All of us would like to see just a little bit more of our future. We would all like to have the perspective God has on our lives. We try so hard to plan for the days to come. We worry, read our horoscopes, and check the stock market a million times a day hoping to catch a glimpse of what is to come. When Caleb looked down at me and said what he did, I had such a desire to know what God has planned for his future. But if I knew, would it be better for him, or worse? If I knew...I wouldn't need faith. If we knew we might try to change it and then what would happen to the plan HE has for us? You see, I am inclined to think that God's plan is so much better than our's would be. I choose to sit on the lower branches of my life and let God take care of what I can't see just yet! I trust...and have faith that whatever He has planned for Caleb, David, Jacob, Memommie, myself, and the rest of my family, is the plan that will prosper us...not harm us. HE is God...I am NOT...and I like the view I have just fine!

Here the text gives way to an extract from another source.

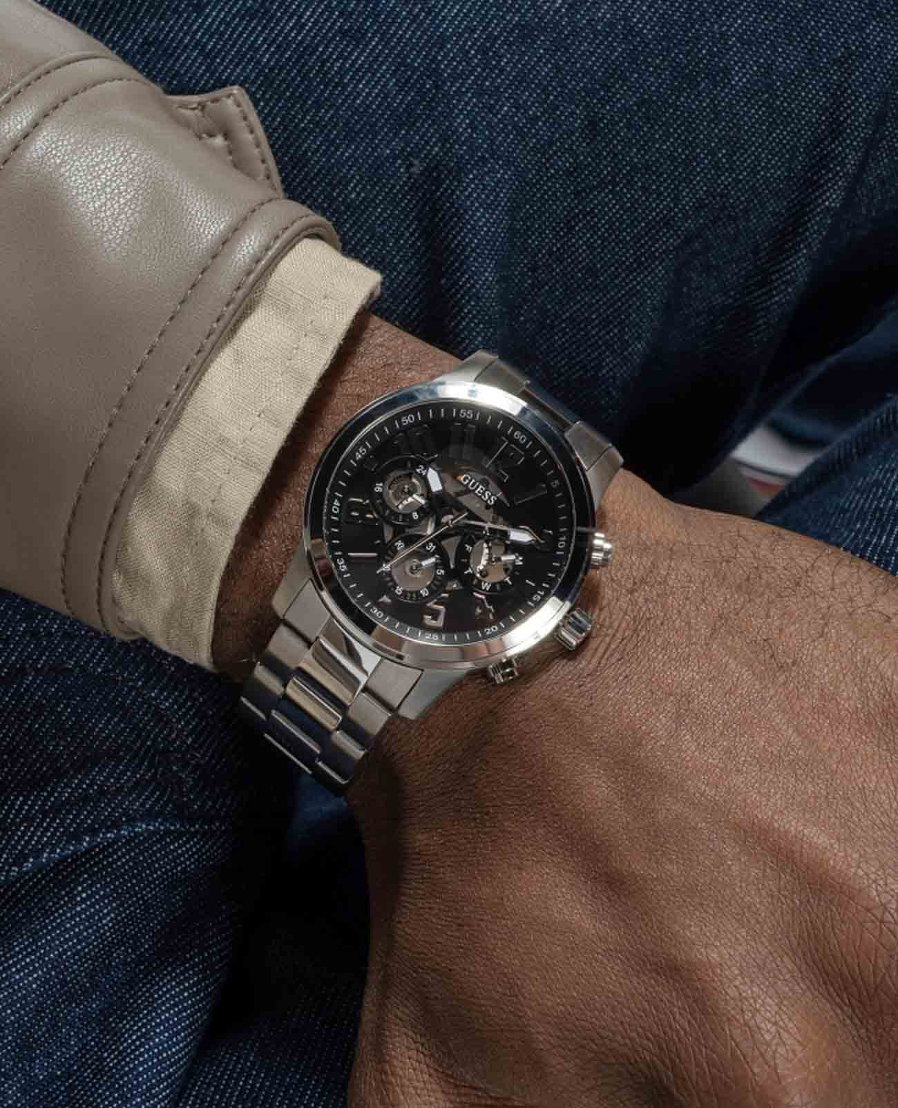 Мужские наручные часы с минеральным стекломМинеральное стеклоМинеральное стекло представляет собой искусственно выращенный минерал кварца. Такое стекло отличается особой устойчивостью к повреждениям и царапинам. Уступает по некоторым качествам сапфировому стеклу. Guess Dress  GW0627G1, кварцевый механизм с высокой точностью. Корпус часов изготовлен из стали. 24-х часовой формат времени, число и день недели отображаются на отдельных циферблатах. Метки в виде арабских цифр. Рифленая заводная головка. Стрелки с люминесцентным покрытиемЛюминесцентное покрытиеПозволяет считывать показания времени в темноте. Производители наносят на стрелки, часовые индексы, безель или поверхность циферблата светонакопительный состав, дающий холодное свечение.. Класс водозащиты: 50 метров, позволит защитить корпус от случайных брызг или капель дождя. Стальной браслет на раскладной застёжкеРаскладная застёжкаТакой тип застёжки используется только на браслетах из металла. Она никогда не раскрывается полностью, происходит разделение на 2 и более частей. Раскладывающая застёжка снизит вероятность потери часов к минимуму..

Caleb and I spent the rest of the afternoon playing basketball in the driveway, kicking the soccer ball around a little, and just enjoying the sunshine. I will treasure that day for a long time. As I watch God unfold His plan in the lives of my boys I am just so thankful for the small blessings like this day that He allows us to have. When my boys were born I dedicated them back to the Lord...knowing that one day they would try their best to do things on their own, but trusting that the Lord would give them hope and a future that would go far beyond my wildest dreams for them. When moments come that test my faith, like the moments we are having with my Memommie right now, I am drawn to His word that reminds me of His holy perspective and divine agenda of Love. I pray that you will know beyond a shadow of a doubt, no matter what you are going through...that God loves you and He knows what He is doing....GIVING YOU A FUTURE...A FUTURE THAT CANNOT BE SEEN FROM THE BRANCHES OF THE NEAREST TREE! Take comfort in knowing...YOU CAN TRUST THE VIEW FROM THE THRONE!